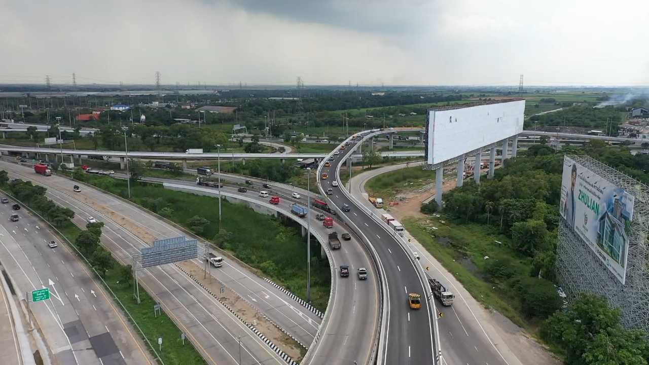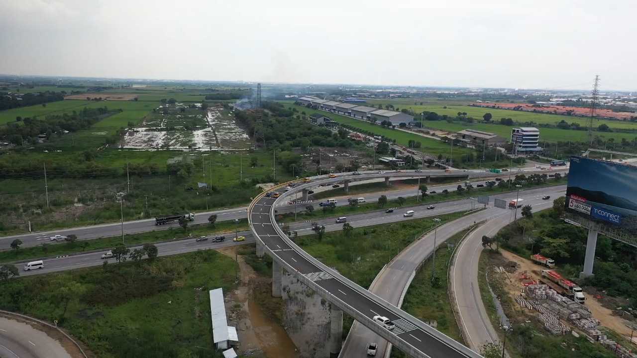 รถที่มาจากทิศทาง มอเตอร์เวย์ หมายเลข 9 ก็ออกมาปกติ พอออกมาทางคู่ขนาน ก็ตัดเข้า ทล.1 ขับชิดซ้ายตรงไปขึ้นสะพาน
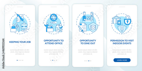 Fototapeta premium Benefits of being vaccinated onboarding mobile app page screen. Keeping your job walkthrough 4 steps graphic instructions with concepts. UI, UX, GUI vector template with linear color illustrations
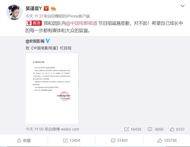 爾後,吳謹言也親自道歉,並立即分享了公司歡娛影視的道歉聲明。她配文到「我和團隊向『中國電影報導節目組』誠懇致歉,對不起!」更誠惶誠恐地表示「希望自己成長中的每一步都有媒體和大眾的監督」。
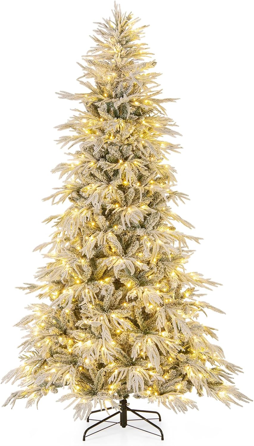 Designed to evoke the serene beauty of a snow-laden landscape, our 6/7/8 ft artificial Christmas tree boasts a dense arrangement of 594/820/1108 lush branch tips, each intricately flocked to mimic the white splendor of a frosty winter morning. Designed for convenience, the tree is pre-lit with 250/340/450 warm white LED lights and features an exquisite blend of soft PE and vibrant PVC leaves, ensuring a festive ambiance with minimal effort. Moreover, this tree is crafted from flame-retardant materials, ensuring durability and safety, and stands on a stable crossed metal base for added security. Installation is straightforward with its hinged branches that lock automatically in place and a convenient 3-section structure for easy storage. This versatile decoration isn’t just suitable for Christmas but also serves as a sophisticated backdrop for various events, such as winter-themed parties or elegant gatherings.
......
WORK TASK: Could you give all of the data again exactly as written, omitting any pictures?

WRITTEN RESPONSE:
 รถที่มาจากทิศทาง มอเตอร์เวย์ หมายเลข 9 ก็ออกมาปกติ พอออกมาทางคู่ขนาน ก็ตัดเข้า ทล.1 ขับชิดซ้ายตรงไปขึ้นสะพาน
 Fototapeta premium Benefits of being vaccinated onboarding mobile app page screen. Keeping your job walkthrough 4 steps graphic instructions with concepts. UI, UX, GUI vector template with linear color illustrations
 爾後,吳謹言也親自道歉,並立即分享了公司歡娛影視的道歉聲明。她配文到「我和團隊向『中國電影報導節目組』誠懇致歉,對不起!」更誠惶誠恐地表示「希望自己成長中的每一步都有媒體和大眾的監督」。
 Designed to evoke the serene beauty of a snow-laden landscape, our 6/7/8 ft artificial Christmas tree boasts a dense arrangement of 594/820/1108 lush branch tips, each intricately flocked to mimic the white splendor of a frosty winter morning. Designed for convenience, the tree is pre-lit with 250/340/450 warm white LED lights and features an exquisite blend of soft PE and vibrant PVC leaves, ensuring a festive ambiance with minimal effort. Moreover, this tree is crafted from flame-retardant materials, ensuring durability and safety, and stands on a stable crossed metal base for added security. Installation is straightforward with its hinged branches that lock automatically in place and a convenient 3-section structure for easy storage. This versatile decoration isn’t just suitable for Christmas but also serves as a sophisticated backdrop for various events, such as winter-themed parties or elegant gatherings.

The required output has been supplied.